Jackson: Aw, that’s a nice story.

DePree: Jim loved making plays and had a different skill set. And then he came back from a show, he was so excited about the show he had done in North Carolina. After the show, the theater had set up a place where the subscribers and their kids could come together and meet the artists. And there was this whole kind of community. And we had this conversation. We just talked about, like, oh, if we had our own theater.

Literally that next week, we had a conversation with Deborah Thornton [executive director of Imagination Celebration]. That was when the BAC [The Business of Art Center, now the Manitou Art Center] had just bought that building. And she was like ‘Oh really, you want to do this? How about putting together a proposal and you can do it at the center?’

Didn’t you write that grant in, like, a week?
DePree:
Oh, yeah. It [was] a little bit of — I want to say magic.

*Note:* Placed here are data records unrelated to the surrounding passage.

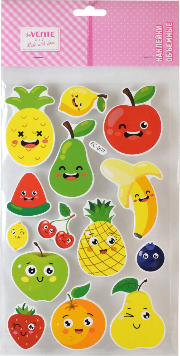 Наклейки объемные 'deVENTE. Fruits' из фоамирана, карточка 15x25 см, в пластиковом пакете с блистерным подвесом 8004080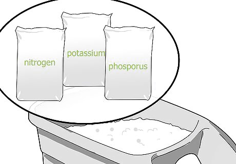Reduce how much you fertilize. Frequent fertilization of your yard may dry out the lawn. Using too much fertilizer or fertilizing too often will increase the need to water your lawn more frequently and in greater quantities. In late spring and early fall, use a fertilizer that is three parts nitrogen, one part phosphorus, and two parts potassium. This is ideal for maintaining a healthy lawn without needing to over water the grass. Opt for either slow-release fertilizer or a mixture of quick- and slow-release fertilizers for your lawn. Quick-release fertilizer releases all of the nitrogen rapidly, which will require more frequent applications over time. Follow the instructions and recommendations on your fertilizer's packaging label, or read online about how and when to properly apply fertilizer to your lawn.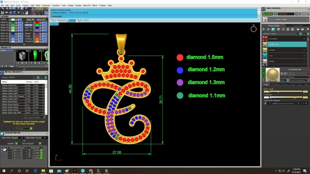 The pendant features pavé gemstone settings that enhance brilliance and give the design a refined, high-end appearance. Multiple gemstone variations are shown in the preview images, making the model suitable for customized production based on different color themes or personal preferences.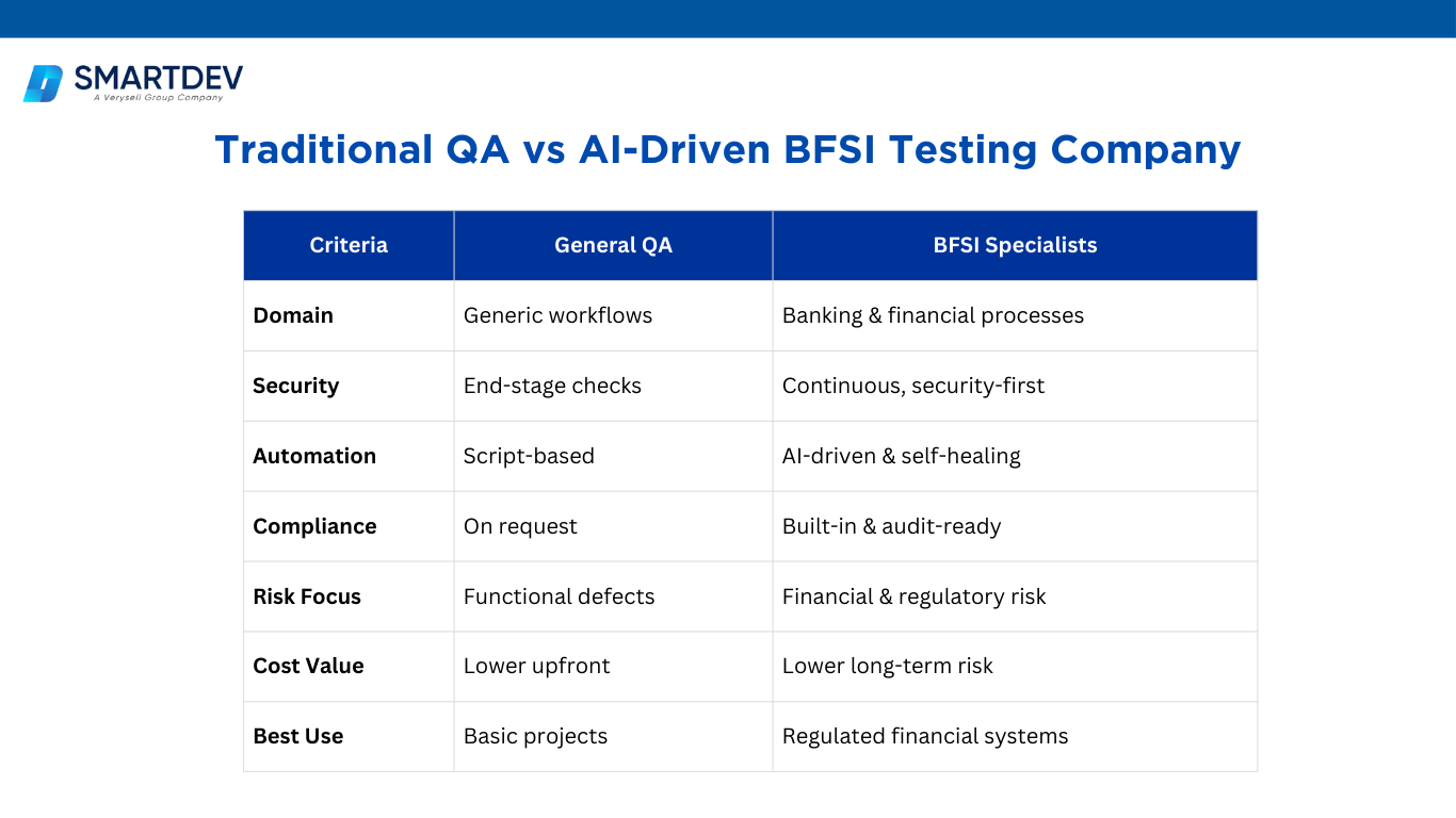Choosing the right BFSI testing company requires a structured comparison between general QA vendors and specialized financial domain testing partners. At first glance, both may appear capable of delivering functional validation and regression testing. However, when financial data security, regulatory compliance, and system resilience are at stake, the differences become substantial. The following comparison outlines how each type of provider approaches industry knowledge, security, automation, compliance, and cost structure.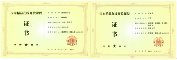《资源经济学》《采矿学》国家金品在线开放课程证书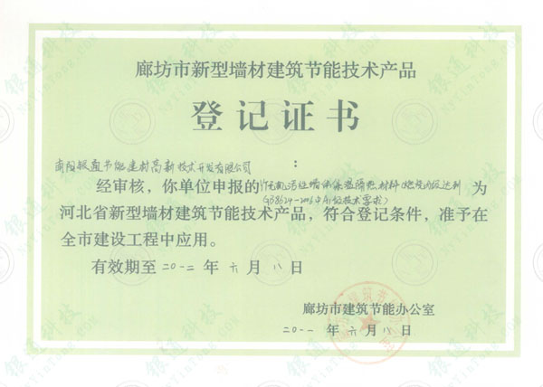 河北廊坊市新型墻材建筑節(jié)能技術(shù)產(chǎn)品登記證書 南陽銀通節(jié)能建材高新技術(shù)開發(fā)有限公司 南陽市銀達(dá)新型墻體材料開發(fā)有限公司 經(jīng)審查 你單位申報(bào)的YT無機(jī)活性墻體保溫材料燃燒等級(jí)達(dá)到GB8624-2006中A1級(jí)技術(shù)要求為河北省新型墻材建筑節(jié)能技術(shù)產(chǎn)品 符合登記條件 準(zhǔn)許在全市建筑工程中使用 有效期至2012年6月8日廊坊 2011年6月8日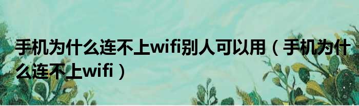 手机为什么连不上wifi别人可以用(手机为什么连不上wifi)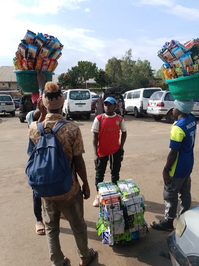 The image depicts an outdoor, daytime scene in a bustling commercial area, likely a motor park or market, in Bukuru, Nigeria. Four individuals are prominent, with several vehicles and buildings in the background. In the foreground left, a person viewed from behind wears a beige patterned shirt, brown trousers, and dark sandals, carrying a dark blue backpack. A light-brown beanie with a pom-pom is on their head, and their right hand is raised. Immediately in front of this person, a second individual (partially obscured) carries a green plastic basket filled with various packaged snacks, balanced on their head. In the center, a male individual faces slightly left, wearing a red short-sleeved t-shirt (resembling an Arsenal jersey), black jogging pants, and light-colored sneakers, topped with a blue baseball cap. He holds a dark object in his right hand and stands beside a large, rectangular stack of white and green boxed merchandise, secured with black straps, resting on the paved ground. To the foreground right, a third person, viewed from behind, wears a blue and yellow short-sleeved shirt with "MALAM 7" visible on the back, dark trousers, and black slides. A light-colored cloth supports a similar green plastic basket, also overflowing with packaged snacks, balanced on their head. The background features multiple parked vehicles, predominantly white vans and a sedan, consistent with a transport hub. Buildings with light-colored walls and dark roofs are visible, interspersed with green trees, under a partly cloudy sky. The ground is paved with asphalt or concrete. The scene portrays street vending activity within an active public space.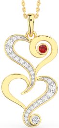 This striking pendant intertwines two elegant hearts, accented with a trail of shimmering brilliance and vibrant pops of color. A vivid green and passionate red gem bring contrast and harmony, symbolizing individuality within unity. Bold yet graceful, this design celebrates love in its most dynamic form—where two distinct souls dance together in one beautiful rhythm.
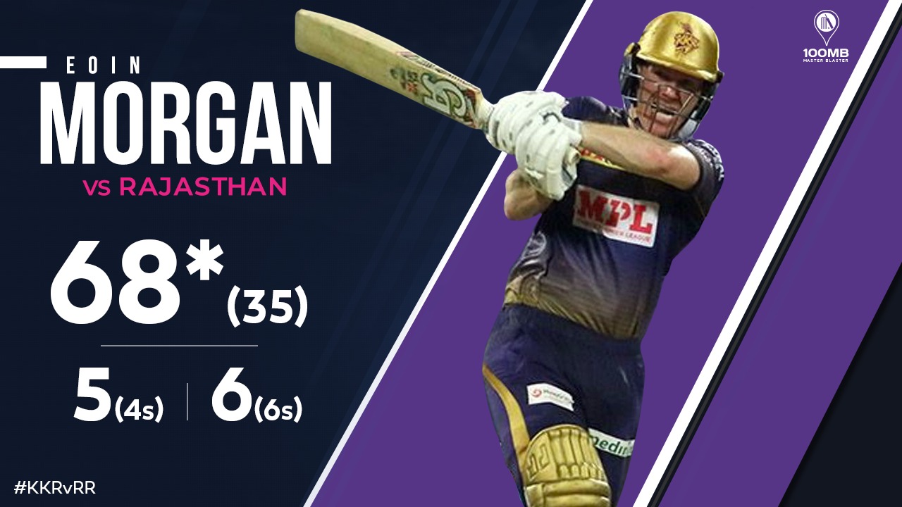 The duo added 45 runs quickly under 3 overs. Russell finally looked in good touch scoring 25 off 11. However, the real hero for them with the bat was the high-flying Morgan. The skipper led from the front to score 68 off just 35 balls with five fours and six sixes. His knock propelled Kolkata to 191 runs in their 20 overs.

Jackson: It was fairies. No, no, it was serendipity. ‘Cause it’s timing, you know?

DePree: It is, and it’s articulating very clearly a vision. And then sometimes when you do that, the path sort of reveals itself. Once you’re clear about what you’re looking for, you kind of find it.

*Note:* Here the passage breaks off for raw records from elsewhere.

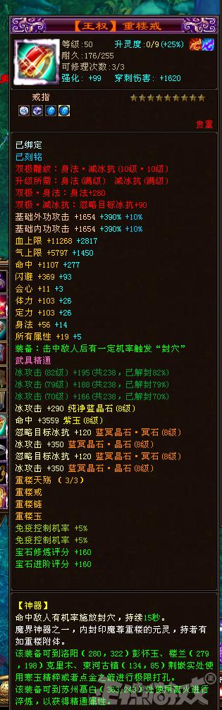 位列全服消费第一,获得了游戏中最稀有的装备——重楼戒。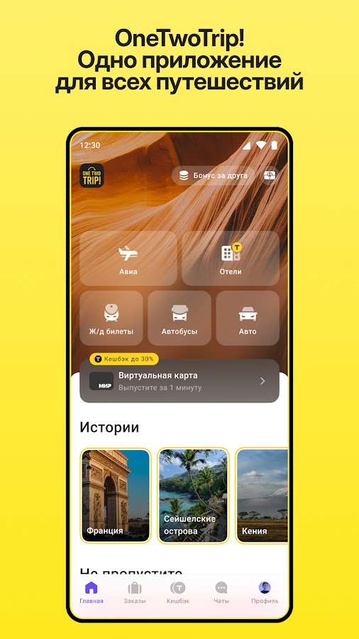 В приложении OneTwoTrip есть всё для путешествия: авиабилеты от 800 авиакомпаний, 3 000 000 отелей и гостиниц, ЖД билеты на поезда РЖД, аренда авто, экскурсии.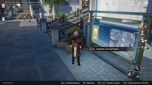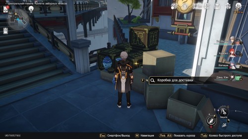 Переместитесь к пространственному якорю «Авеню Звездочетов», а затем развернитесь и пройдите немного на юго-запад. Возле рекламной доски вы увидите коробку для доставки – взаимодействуйте с ней.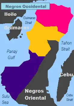 | Central Negros Occidental (Bacolod, Talisay, Murcia, Salvador Benedicto, San Carlos, Pulupandan, Valladoid, San Enrique, Pontevedra, La Castellana, Hinigaran, Isabel) The Central region is where the capital is located; Bacolod. |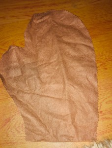 1. To begin with, trace around your hand on a piece of paper. Do an over exaggerated trace as I have done in the picture below. This allows for any size hand to use the glove and also ease to pull on and off.

Jackson: Yeah. And the more you voice it, then that creates connections. If you just keep it internal, then nobody has the idea that ‘Oh, that’s what you want to do!’ So by voicing it, that sort of puts things into motion and also holds you accountable. Like, ‘You said you wanted to do this. Now, how are you going to follow through with that?’ I think that initial experience in Manitou, though, it sort of taught us the importance of place to make art.

How so?
Jackson: You’ve got to have a space dedicated to what you do. Otherwise you’re wasting all sorts of time and energy just trying to find a place where you can realize it. And in theater it’s so critical, because if you don’t have access to a space that you have control over — so that you can really make your whole piece within that space, and control the sound and the lighting and how the audience comes in and the seating and all of those things — then it’s an uphill battle. You’re just always falling short of what you want.

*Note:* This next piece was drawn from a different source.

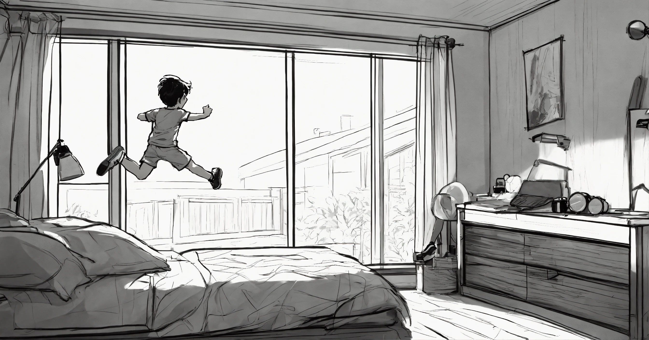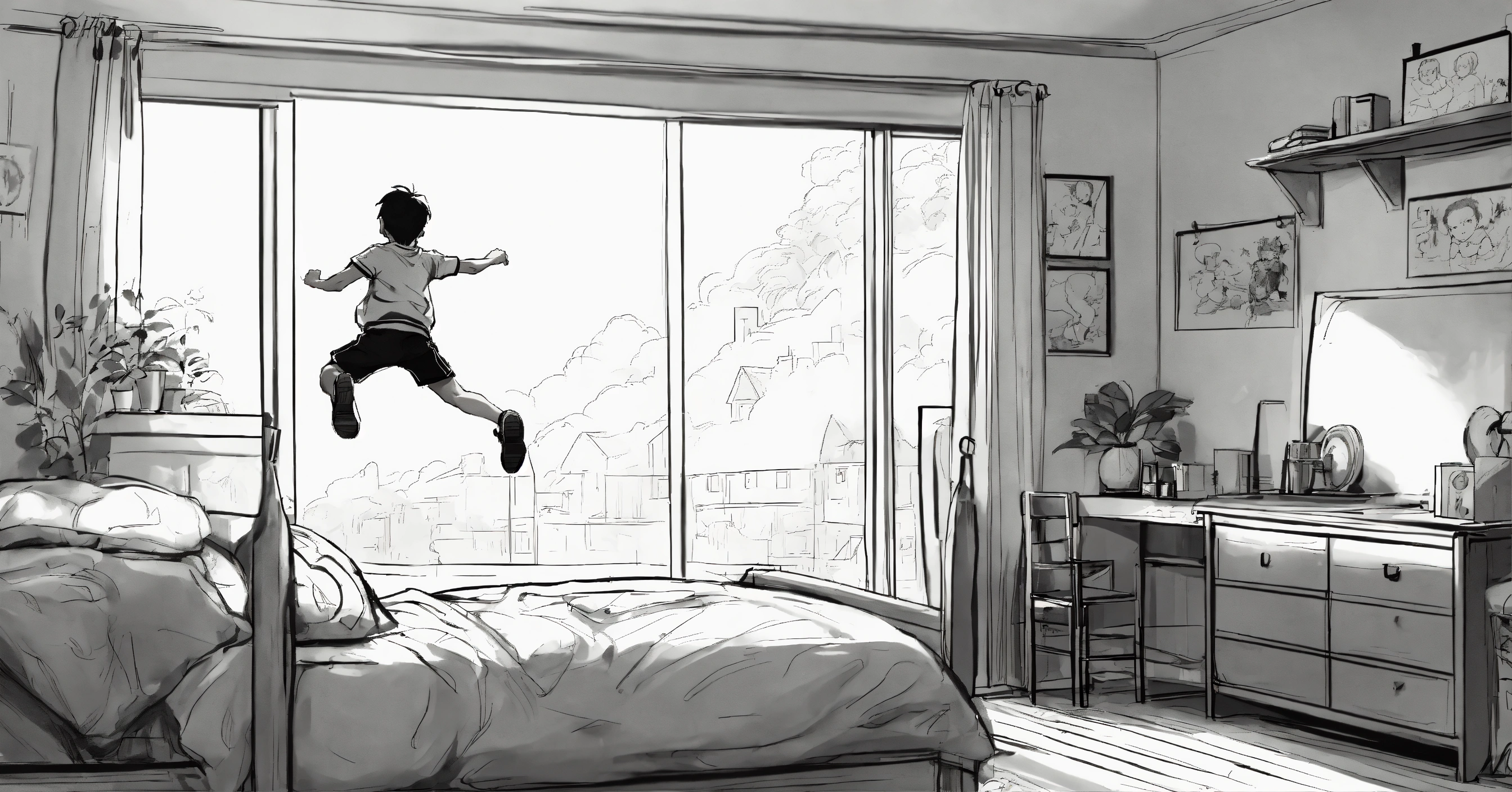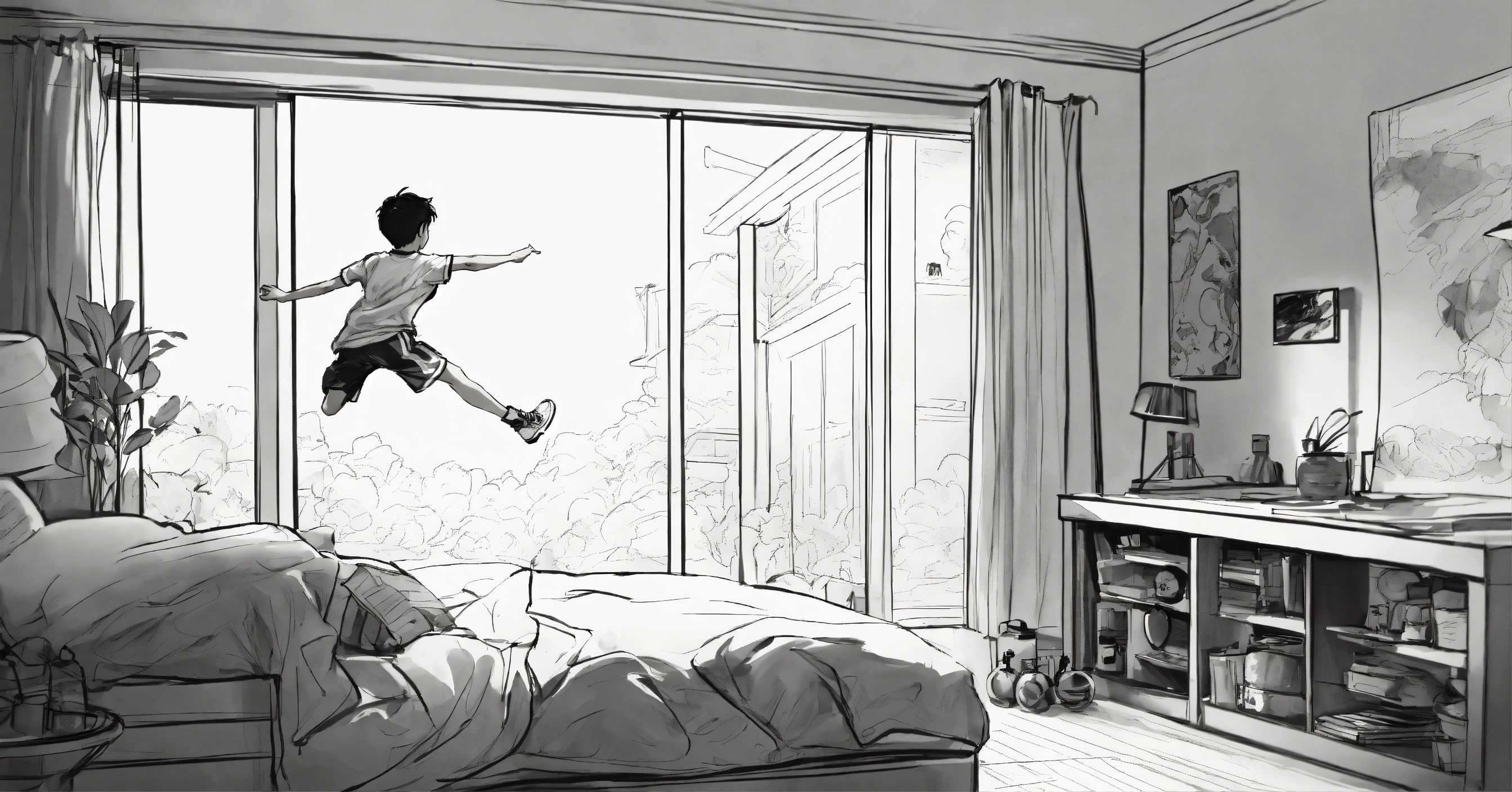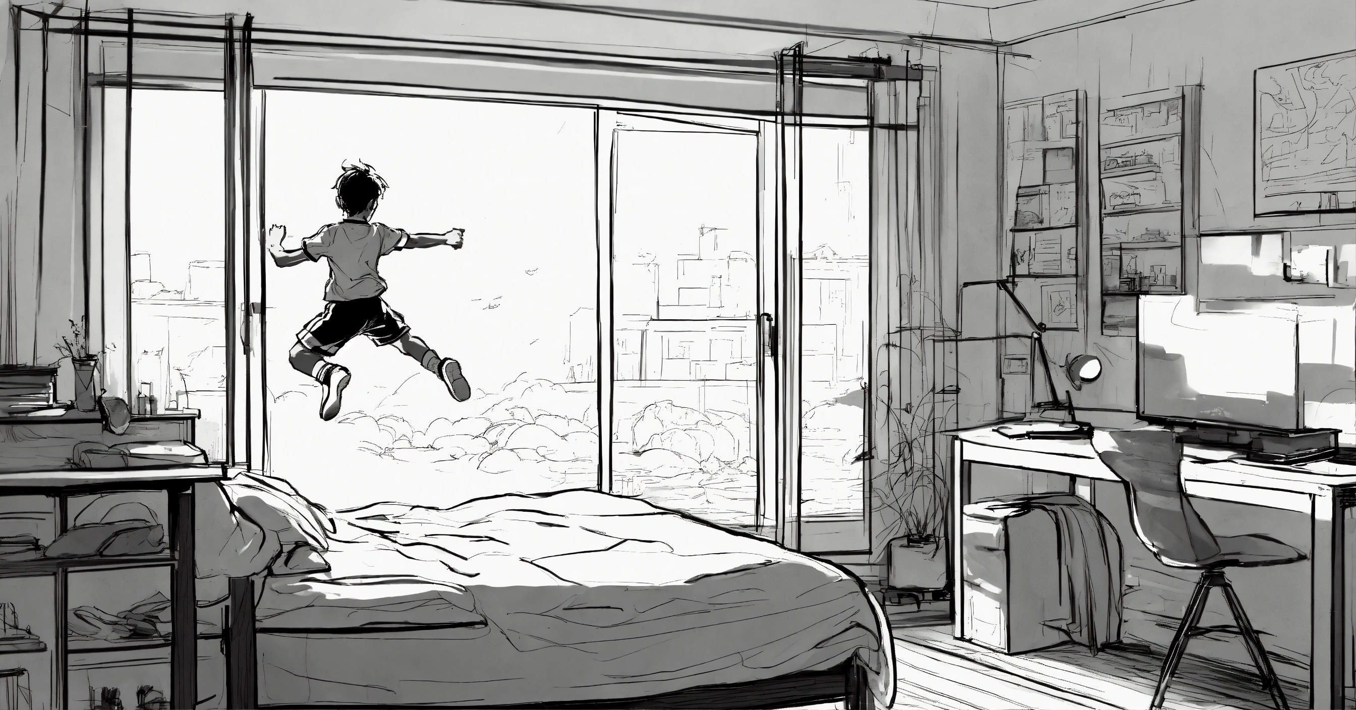 Sketch style, line art, a long shot to a boy in his bedroom, looking to the camera, healthy body shape and he playing sport and jumping and spread his arm

DePree: I feel it is place, but not just physically. There’s a sort of a metaphorical space as well. And I think we make space for, like, in terms of every season, we commit to making some shows; we’ve made space in time. But also the community has accepted that. They’re making space for it [the theater].

Do you find that that happens when you’re an individual performer in a larger show as well? Like, you have to commit the time, the space, you have to have that kind of control?
Jackson: I think everybody who seriously commits to performing a piece... that it does require a lot. Theater is an ensemble experience. There’s always different levels of commitment. And so as a director, as a producer, you’ve got to make sure everybody’s committed equally, and hopefully at a really high level, because otherwise it just gets real shaky. … And it’s weird because in our history, we usually avoided all of that by just making our own shows. It’s a total cop-out because we would just do solo shows [laughs].

DePree: There’s sort of this leap of faith that happens. You can come forward and go, ‘I’m gonna make this,’ but it also comes and meets you. I think that there’s this idea that ‘I’m making this.’ And I feel — even with this commitment to this theater company — it’s not just us. There’s these other forces that come in. Like, if they hadn’t been there, it wouldn’t work.

So there’s really only so much control you can have over anything. Whether you’re putting together a show or directing a theater company.

DePree: I think if you think you have full control, you don’t make very interesting work.

Editor’s note: This interview has been edited for clarity and length.